LLuffman: LLM-based steganography

2023-04-28

It is a tale
Told by an idiot, full of sound and fury
Signifying nothing (MacBeth I.v. 58-59).
And here is the thing: if you are looking at these blog entries for their significance - you won't get any!

— ./main -m ./models/7B/ggml-model-q4_0.bin -f macbeth.txt -e secret

Text generated by large language models (LLMs) has recently become much more copious and is extremely ignorable. This makes LLM text an attractive target for steganography. Here I describe my steganographic modification of llama.cpp, a C++ implementation of Meta’s LLaMA language model, that encodes an external bitstream in its generated text in a way that can be decoded later.

Tokenization

LLaMA and other LLMs operate not on individual letters or words, but on tokens. The model defines how to break up text into smaller strings, represented as integers.

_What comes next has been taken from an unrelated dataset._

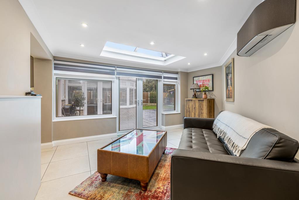 PVC double glazed windows and French doors opening to garden. Coving to skimmed ceiling and recessed spot lighting. Glazed ceiling lantern. Tiled flooring. Vertical column radiator. Air conditioning unit.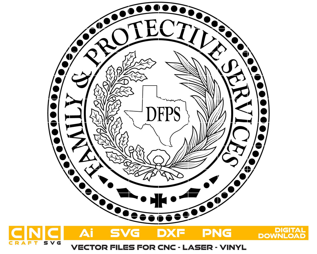 Celebrate civic identity with the Texas Family & Protective Services Seal SVG. This detailed state government emblem is provided in professional vector format, making it versatile for CNC machines, laser engravers, and hobby cutters like Cricut or Silhouette. Whether you’re creating official plaques, uniform decals, signage, or custom woodworking projects, the design maintains sharp detail across materials from wood and metal to fabric and acrylic. A perfect choice for makers, collectors, and civic displays.

For example, Told by an idiot, tokenizes in this way:

 29911 -> 'T'
  1025 -> 'old'
   491 -> ' by'
   385 -> ' an'
  1178 -> ' id'
 24414 -> 'iot'
 29892 -> ','

That is, the letter T by itself corresponds to the number 29911, and the string ‘old’, with no space before it, corresponds to 1025. The model “sees” input and output text as a list of integers.

Encoding

The model normally operates by continually generating a predicted probability distribution of the next token, choosing one, and then updating so that it then predicts the token after that. After a prompt of “It is a tale”, LLaMA’s distribution is:

 prob.    cumulative
 0.77315  0.77315:    310 -> ' of'
 0.15700  0.93015:    408 -> ' as'        
 0.03834  0.96850:   5429 -> ' told'
 0.03150  1.00000:    393 -> ' that'

Ordinarily what an LLM does is sample from this distribution by the given probabilities: 77% of the time it will choose ‘of’ to be its next token, 16% of the time it will choose ‘as’, then 3.8% for ‘told’ and 3.1% for ‘that’.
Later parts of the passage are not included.